**WORK ITEM:** Set down all the lines below, each one exactly as shown.

**Recorded data:**
************

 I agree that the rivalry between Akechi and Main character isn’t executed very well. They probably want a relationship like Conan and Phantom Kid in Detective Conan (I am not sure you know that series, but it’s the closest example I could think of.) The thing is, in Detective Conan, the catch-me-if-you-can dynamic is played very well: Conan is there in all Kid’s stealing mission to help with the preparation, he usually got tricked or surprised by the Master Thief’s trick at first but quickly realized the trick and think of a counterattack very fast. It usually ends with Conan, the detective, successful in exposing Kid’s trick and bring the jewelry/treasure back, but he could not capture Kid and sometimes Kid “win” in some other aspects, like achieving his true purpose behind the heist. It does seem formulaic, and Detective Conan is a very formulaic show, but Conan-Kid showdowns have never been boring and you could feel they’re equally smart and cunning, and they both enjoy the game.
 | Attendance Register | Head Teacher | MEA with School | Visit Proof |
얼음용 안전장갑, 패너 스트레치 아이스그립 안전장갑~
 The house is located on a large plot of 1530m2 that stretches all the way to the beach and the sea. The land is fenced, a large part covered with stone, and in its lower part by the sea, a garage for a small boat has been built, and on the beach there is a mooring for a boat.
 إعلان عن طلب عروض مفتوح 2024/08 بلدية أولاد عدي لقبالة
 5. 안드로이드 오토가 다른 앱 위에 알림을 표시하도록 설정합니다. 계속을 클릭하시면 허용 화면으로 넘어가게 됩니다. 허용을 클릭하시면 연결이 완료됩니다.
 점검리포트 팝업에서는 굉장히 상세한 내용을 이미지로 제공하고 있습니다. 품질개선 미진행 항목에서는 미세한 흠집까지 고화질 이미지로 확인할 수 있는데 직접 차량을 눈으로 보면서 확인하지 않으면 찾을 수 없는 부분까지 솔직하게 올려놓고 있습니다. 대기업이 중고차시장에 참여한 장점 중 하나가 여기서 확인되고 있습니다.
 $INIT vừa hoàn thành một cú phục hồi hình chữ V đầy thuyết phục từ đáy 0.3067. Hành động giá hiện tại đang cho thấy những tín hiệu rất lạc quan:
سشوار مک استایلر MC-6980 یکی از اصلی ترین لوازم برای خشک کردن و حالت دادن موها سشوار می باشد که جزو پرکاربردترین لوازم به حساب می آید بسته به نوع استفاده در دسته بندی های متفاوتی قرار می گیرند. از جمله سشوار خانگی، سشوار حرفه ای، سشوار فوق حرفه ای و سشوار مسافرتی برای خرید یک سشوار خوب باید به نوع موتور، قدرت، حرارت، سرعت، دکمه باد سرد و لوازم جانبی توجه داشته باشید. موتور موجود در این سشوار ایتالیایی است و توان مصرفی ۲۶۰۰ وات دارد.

************

**RESPONSE AREA:**
 I agree that the rivalry between Akechi and Main character isn’t executed very well. They probably want a relationship like Conan and Phantom Kid in Detective Conan (I am not sure you know that series, but it’s the closest example I could think of.) The thing is, in Detective Conan, the catch-me-if-you-can dynamic is played very well: Conan is there in all Kid’s stealing mission to help with the preparation, he usually got tricked or surprised by the Master Thief’s trick at first but quickly realized the trick and think of a counterattack very fast. It usually ends with Conan, the detective, successful in exposing Kid’s trick and bring the jewelry/treasure back, but he could not capture Kid and sometimes Kid “win” in some other aspects, like achieving his true purpose behind the heist. It does seem formulaic, and Detective Conan is a very formulaic show, but Conan-Kid showdowns have never been boring and you could feel they’re equally smart and cunning, and they both enjoy the game.
 | Attendance Register | Head Teacher | MEA with School | Visit Proof |
얼음용 안전장갑, 패너 스트레치 아이스그립 안전장갑~
 The house is located on a large plot of 1530m2 that stretches all the way to the beach and the sea. The land is fenced, a large part covered with stone, and in its lower part by the sea, a garage for a small boat has been built, and on the beach there is a mooring for a boat.
 إعلان عن طلب عروض مفتوح 2024/08 بلدية أولاد عدي لقبالة
 5. 안드로이드 오토가 다른 앱 위에 알림을 표시하도록 설정합니다. 계속을 클릭하시면 허용 화면으로 넘어가게 됩니다. 허용을 클릭하시면 연결이 완료됩니다.
 점검리포트 팝업에서는 굉장히 상세한 내용을 이미지로 제공하고 있습니다. 품질개선 미진행 항목에서는 미세한 흠집까지 고화질 이미지로 확인할 수 있는데 직접 차량을 눈으로 보면서 확인하지 않으면 찾을 수 없는 부분까지 솔직하게 올려놓고 있습니다. 대기업이 중고차시장에 참여한 장점 중 하나가 여기서 확인되고 있습니다.
 $INIT vừa hoàn thành một cú phục hồi hình chữ V đầy thuyết phục từ đáy 0.3067. Hành động giá hiện tại đang cho thấy những tín hiệu rất lạc quan:
سشوار مک استایلر MC-6980 یکی از اصلی ترین لوازم برای خشک کردن و حالت دادن موها سشوار می باشد که جزو پرکاربردترین لوازم به حساب می آید بسته به نوع استفاده در دسته بندی های متفاوتی قرار می گیرند. از جمله سشوار خانگی، سشوار حرفه ای، سشوار فوق حرفه ای و سشوار مسافرتی برای خرید یک سشوار خوب باید به نوع موتور، قدرت، حرارت، سرعت، دکمه باد سرد و لوازم جانبی توجه داشته باشید. موتور موجود در این سشوار ایتالیایی است و توان مصرفی ۲۶۰۰ وات دارد.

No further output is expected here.